If most of the litigation is resolved, the stock would become more investable and could rise to €50, according to Jefferies analyst Michael Leuchten. In a downside scenario, with another double-digit billion-euro litigation provision and a multi-decade overhang, the shares could fall to €30, he wrote. Bayer closed at €35.79 on Thursday.

“The litigation overshadows everything,” said Markus Manns, portfolio manager at Frankfurt-based asset manager Union Investment, a Bayer investor. “Only once there is clarity on the litigation can the company develop a reliable financial plan regarding earnings growth, debt reduction and other priorities.”

A Bayer spokesperson said Monsanto has “a multipronged strategy” and is “confident but prepared” for all outcomes with regard to both the Supreme Court case and the class settlement agreement.

The Supreme Court is expected to rule by early July. Justices heard arguments in April, weighing a $1.25 million jury verdict won by a Missouri man who blamed Roundup for his non-Hodgkin lymphoma. Bayer contends that since US regulators didn’t require a cancer warning, federal law bars the Missouri suit and others like it.

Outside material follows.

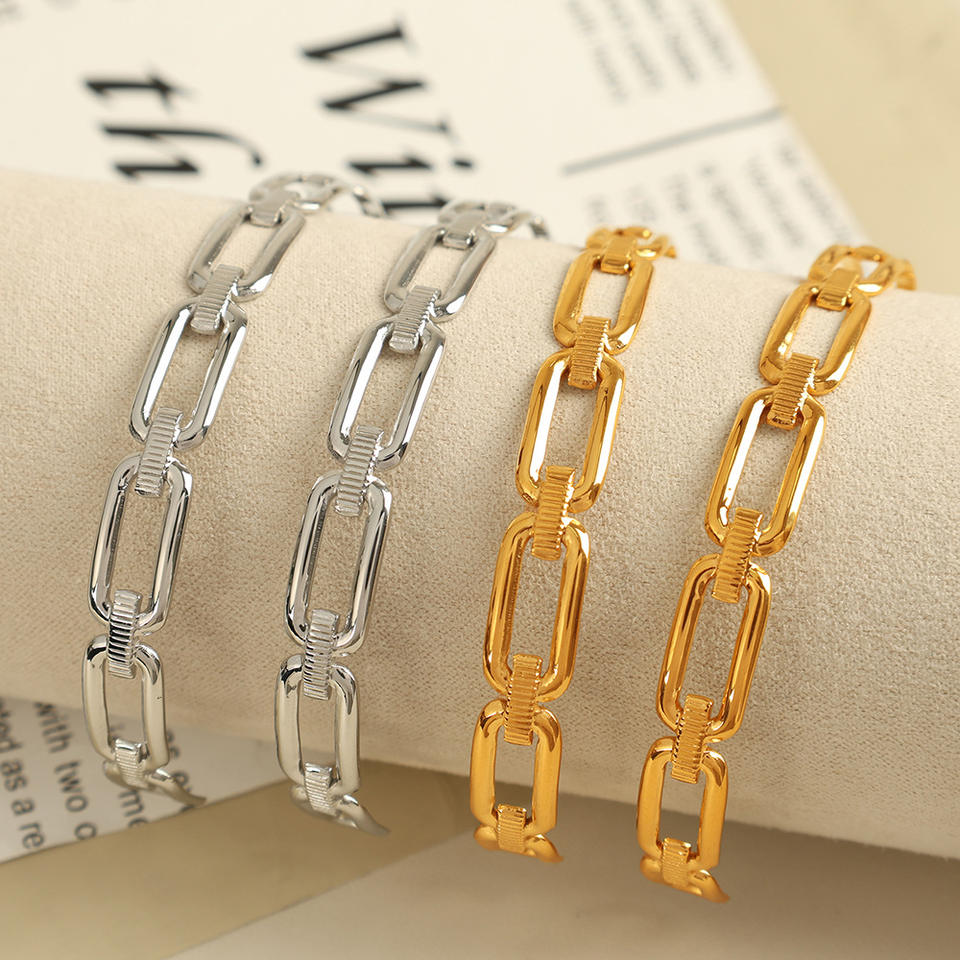 Pulsera de Cadena Estilo Europeo Americano, de Acero de Titanio con Baño de Oro de 18K, Ajustable, Unisex

A favorable outcome in the Supreme Court will help to ease Bayer’s legal issues because it would wipe out failure-to-warn theories that have provided the basis for big-dollar verdicts in Roundup cases. The April hearing was less positive for Bayer than some had expected, and the shares have been trending lower since then.

Listen: Bayer’s Cancer Claims Roundup at US Supreme Court: BI Podcast

Still, analysts at Bank of America Corp. recently cited a legal expert who sees a 70% probability that the court rules in Bayer’s favor. And Barclays Plc analyst Charles Pitman-King expects the company “to make significant progress in resolving the majority of its outstanding litigation overhang,” helping it to unlock its fundamental valuation.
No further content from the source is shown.